Really, I think if you think of using peers and having peers and using those relationships on an ongoing basis, the value
really has stood out during this period and can help you as you go forward. Among the things, of course I already
mentioned, of course there's the work saving. Instead of having to create the wheel when you have a new initiative or
new idea, you can borrow those things from your peers and that's really helpful.
The next aspect that I found was there's a lot of critical thinking that goes on and can improve when you utilize your peers.
In construction, and really in any business, especially as a business leader, you're kind of stuck in your own world and you
kind of see your own environment, but that limits your thinking at times and limits really the quality sometimes of the
things you may come up with alone.

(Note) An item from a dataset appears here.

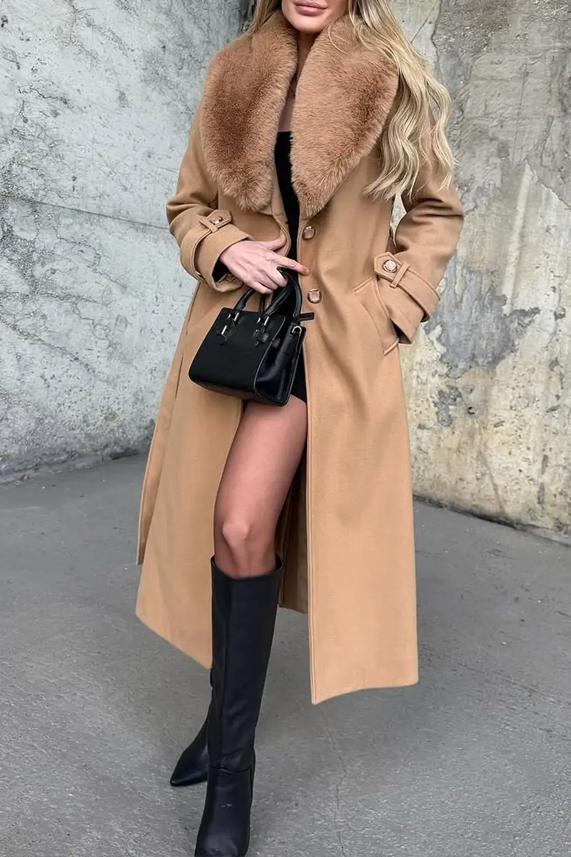 Women's Fashion Warm Fur Lapel Long Woolen Coat

When you expand and draw in your peers and you bring in their thinking, you're able
to come up with better ideas, better plans and maybe even see the weaknesses that you didn't see when you were kind
of stuck in your own realm.
We also have our own flows of information, some of which may be true or untrue. Recently as people were applying for
the government programs have come along with this upheaval, people had different sets of information. Did you have to
come under the 39 plus million threshold to get some of this payroll aid or not? People were getting different messages.
What I found is our members by reaching out, we're able to get the right information, we're able to move forward and
make the applications that they otherwise might've been frozen for.

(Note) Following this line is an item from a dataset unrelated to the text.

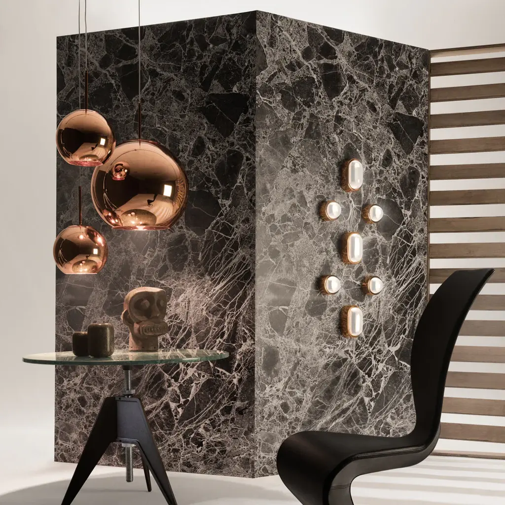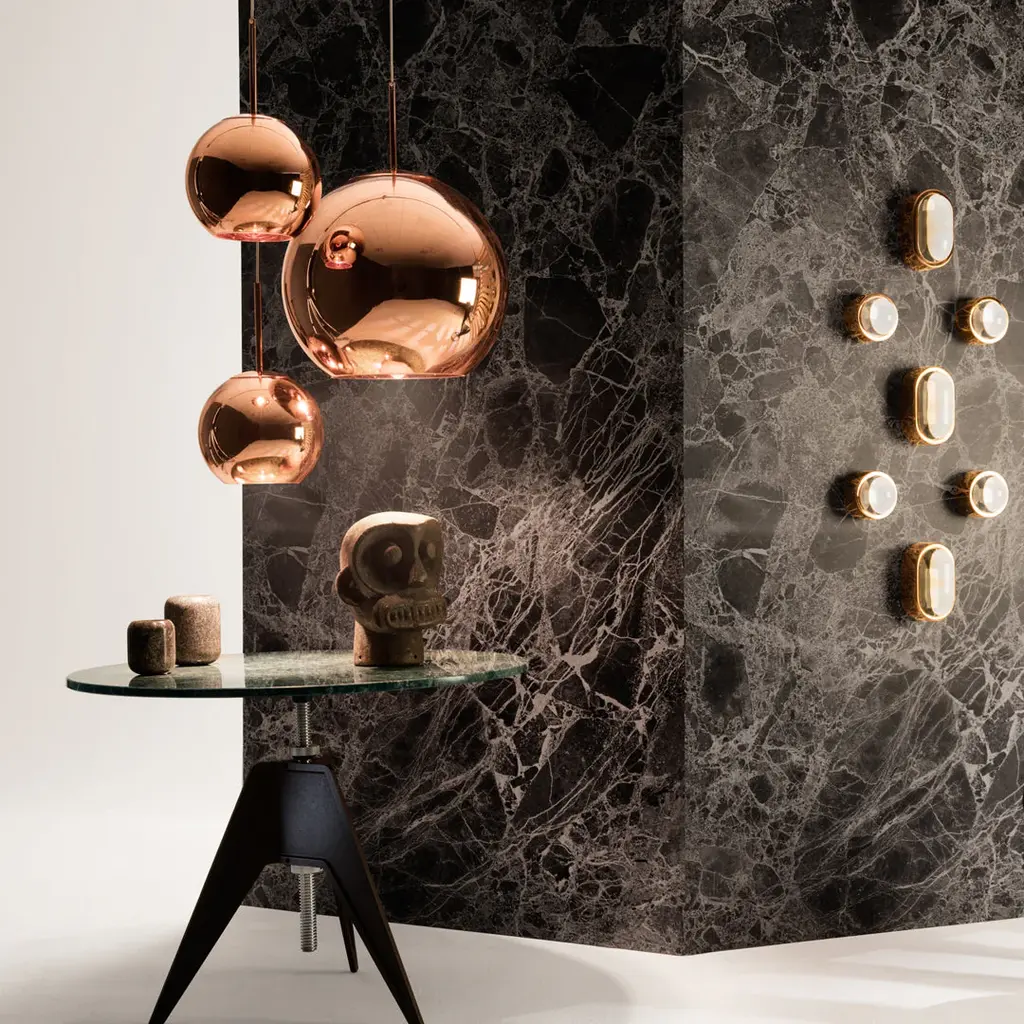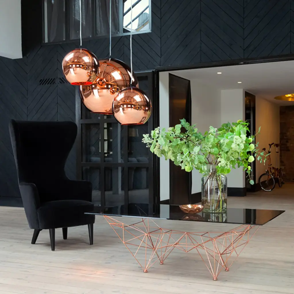 Intended to create an extravagantly proportioned spotlight that could warm the greenish hue of early LEDs and create a more appealing luminosity, Copper shade is an over-sized, blow molded and perfectly reflective globe that kick started the recent craze for copper in interiors the world over.

The other thing we get with our peers as we see the different challenges they're facing, how they address and overcome
those challenges, and that helps us when we address our own challenges, helps us both see different solution sets perhaps,
but also helps us come to better judgments as we face those challenges just by seeing the other's challenges and hearing
those challenges.
The other thing it does is lets us know that we're not alone as we face these challenges and that can be a great comfort
and a great psychological support. I think again, as we face more challenging conditions today, that psychological support
we get from others, not just by seeing that others are going through it too, but by actually getting the direct support of
those others by getting them to lean in and weigh in with ideas and support, emotional support as well as direct support.

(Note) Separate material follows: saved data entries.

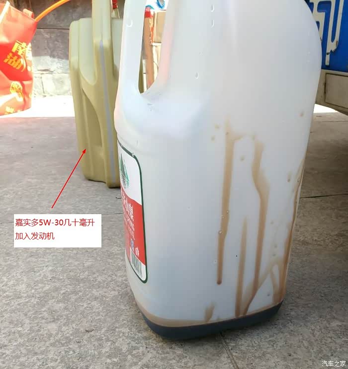 于是将从保养店里要来的别人保养后的嘉实多桶里剩下的几十毫升油倒回发动机,重新点火,给机油加温。
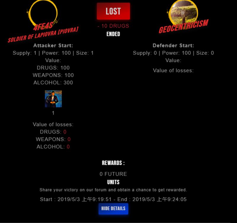 Check my latest fight ! 4fe4s vs geocentricismgeocentricism (25)in #drugwars-fight • 7 years ago #gaming #fight #dw
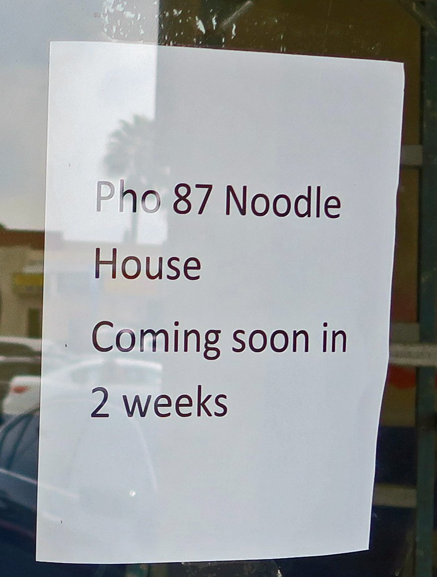 And found that the place was being renovated. The sign on the door said "Pho 87 Noodle House. Coming soon in 2 weeks."
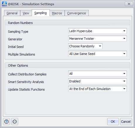 The 'Other Options' settings determine how (or if) @RISK collects and stores distribution sample values, among other settings related to distribution samples. Collection of distribution sample values and their statistics aids in analysis through Simulation Sensitivities and Simulation Scenarios by preserving the values upon which various other statistics can be generated. Additionally, saved sample values can be viewed in the Simulation Data window (e.g. for debugging purposes).

Those are truly things that have uncommon value I think for you as leaders.
Now, as you think about who are your peers, of course we run peer programs for contractors, but if you're a
superintendent or you're a project manager, think about who your peers are or who they can be. It may be your fellow
superintendents that have the ideas, or have already crossed this bridge, have already done that, already have this
experience that they can weigh in for you, or they can be a support system for you as you face some uncertainty or some
difficult situations that you're facing.
It may be cohorts in the industry, it may be your association. The AGC has been amazing and I know the ABC has as well
in these times in coming up with information and support and support system for their members. As a project manager
or superintendent, these people may be anywhere in your organization, and really, I encourage you to and in these difficult
and trying times to call on those peers, open yourself up for advice and support and all of that, and it'll help you get to the
other side.
Again, this is Dennis Engelbrecht, Digging Deeper. Thanks for tuning in.